El lugar de la lucha por la existencia en la evolución

Se dice la selección natural para referirse a la evolución, pero no se dice la lucha por la existencia, que es lo mismo. Porque lucha por la existencia queda muy dramático, y selección natural queda neutro, científico, como gravitación universal, enlace covalente o tectónica de placas. Pero lo cierto es que la historia de la vida es dramática, a base de sufrimientos, luchas, desgracias … al menos si nos referimos a los animales, capaces de sentir, de padecer, capaces de sufrir, literalmente, en sus carnes y en sus mentes, la lucha por la existencia/selección natural. (No hablaremos de sufrimiento en las plantas, aunque el mecanismo es el mismo). El término Struggle for Life es del propio Darwin.

Así como los creyentes niegan la evolución, porque no pueden admitir que lo que dice la Biblia no sea verdad, o bien admiten la evolución pero niegan que no haya habido intervención divina en ella, otros en cambio niegan la lucha por la existencia, porque no pueden admitir que la competencia, el individualismo o la guerra sean la explicación de la existencia del hombre. Pero basta leer a Apiano, Tito Livio y Tácito para entender qué es el ser humano, biológicamente hablando.

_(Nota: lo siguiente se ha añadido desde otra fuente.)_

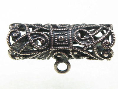 ANTIQUE? VINTAGE WHITE METAL FILIGREE BROOCH WITH DANGLING BAIL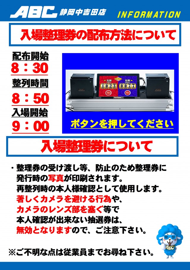 8:30迄にお並び頂いた方に順不同の整理券をお配りします。 |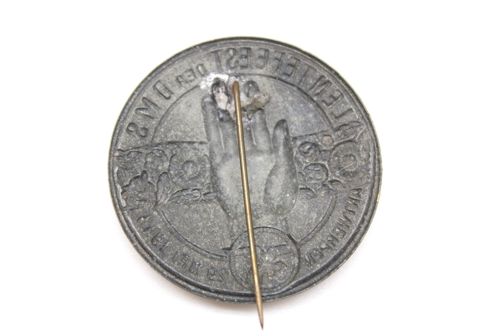 Original Flemish collaboration NSJV (“Nationaalsocialistische Jeugd in Vlaanderen”) – DMS (“Dietse Meisjesscharen”) pin.”Lentsefeest der DMS, Antwerpen 29 Mei 1944″. “Golden” colored version.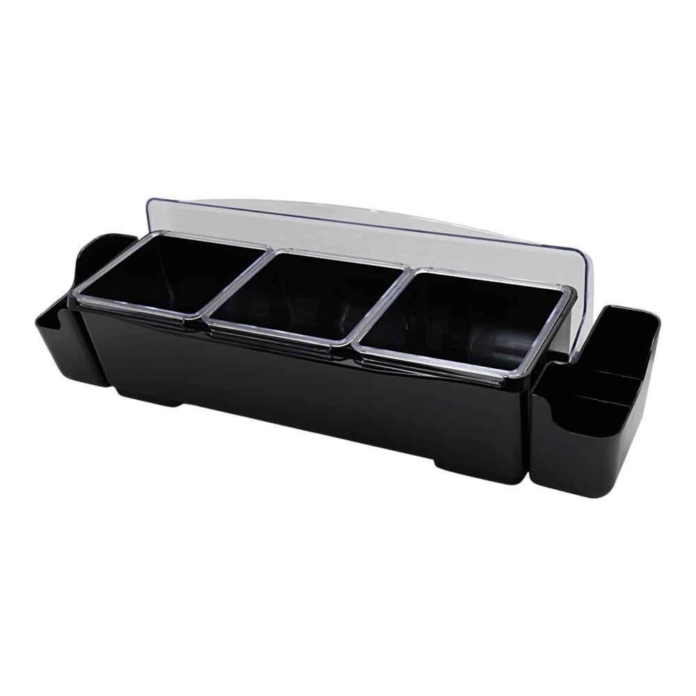 Kjo vasketë e zezë, e ndërtuar nga kombinimi i materialeve PC (polikarbonat) dhe ABS (akrilonitril butadien stiren), është një organizues i avancuar për shërbimin e barit ose tavolinës, që ofron 3 ndarje të veçanta dhe 2 mbajtëse shtesë. Dizajni i saj i integruar ndihmon në organizimin e aksesorëve të ndryshëm, duke siguruar një shërbim efikas dhe të pastër. Ideale për përdorim në bare, restorante, kafene dhe ambiente të tjera shërbimi ushqimi. Përdoret për të mbajtur aksesorët e nevojshëm për pije, ushqime, ose për të mbajtur salca.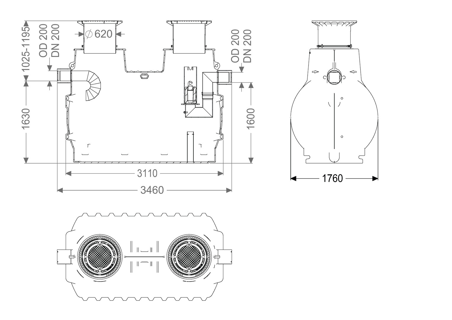 zum Einbau ins Erdreich mit DIBT-Zulassung, aus Kunststoff, Einbau bei Grundwasser ist bis Oberkante Behälter (OKB) möglich, bei Belastungsklasse D ist eine Lastverteilplatte vorzusehen, teleskopisch höhenverstellbares Aufsatzstück aus Kunststoff, neigbar bis 5°, Abdeckung nach DIN EN 124 aus Beton/Guss (PKW-/LKW-befahrbar), Aushebeschlüssel, geeignet für Tankstellen mit Hochleistungszapfsäulen E 10 und Biodiesel, Zubehör Probenahmeeinrichtung zum Erdeinbau, Verlängerungsstück für vertieften Einbau, Alarmanlagen bei Erreichen der maximalen Ölschicht (auf Anfrage) und bei Aufstau (gefordert nach DIN EN 858, Teil 1), Öl- und Schlammabsaugeeinrichtung, Koaleszenzfiltereinsatz zur Nachrüstung zum Koaleszenzabscheider, Pumpstation, Schichtdicken-Messgerät SonicControl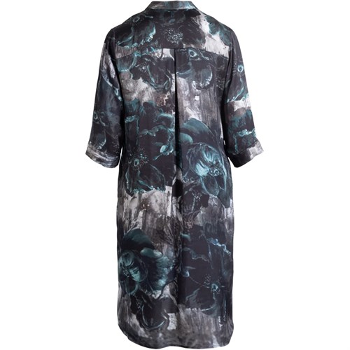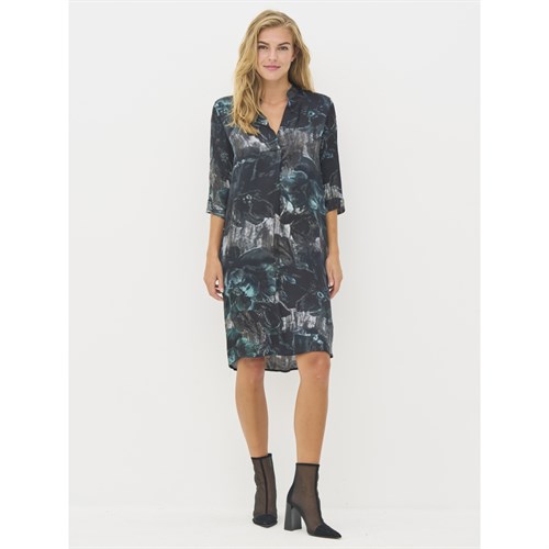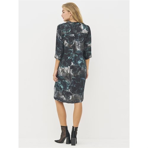Fin tunika kjole i 100% viskose med mønstret stof. Kjolen har tre kvart ærmer og går til knæene. Super fed til et par støvler, eller til et par fine sko til en god anledning.

Los humanos tenemos inteligencia porque durante millones de años ha habido constantemente lucha por la existencia, no es un regalo del cielo. Si el homo sapiens es tan inteligente es porque ha extinguido a sus antecesores menos inteligentes. El hombre actual es producto de una serie continua de extinciones de homínidos: partiendo del australopiteco, vemos que el homo habilis extingue al australipiteco, el homo erectus extingue al habilis, el homo heidelbergensis extingue al erectus, y el homo sapiens extingue al heidelbergensis y al neandertal. Sólos se salvaron de la extinción las especies más primitivas, que no competían por el mismo nicho con los antepasados del hombre: chimpancés, gorilas y orangutanes.

Pero eran extinciones necesarias: los antepasados de cada especie eran demasiado brutos, demasiado primitivos, demasiado lerdos, demasiado limitados. Desde el punto de vista de la especie sucesora, la especie anterior no era lo bastante inteligente. Pensemos en lo difícil que sería convivir con chimpancés y gorilas sueltos en una ciudad. Cabe pensar que una nueva especie extinga al homo sapiens.

También podemos preguntarnos si hubo extinción o transición. Si la especie de australopiteco fue cambiando gradualmente, como propone la teoría darwinista original, en toda la población al mismo tiempo, entonces no hubo extinción sino transición. Pero si una población local de australopiteco dio lugar a la nueva especie homo habilis y ésta fue expandiéndose por todo el territorio de los australopitecos, entonces sí hubo extinción. Lo mismo para las siguientes especies.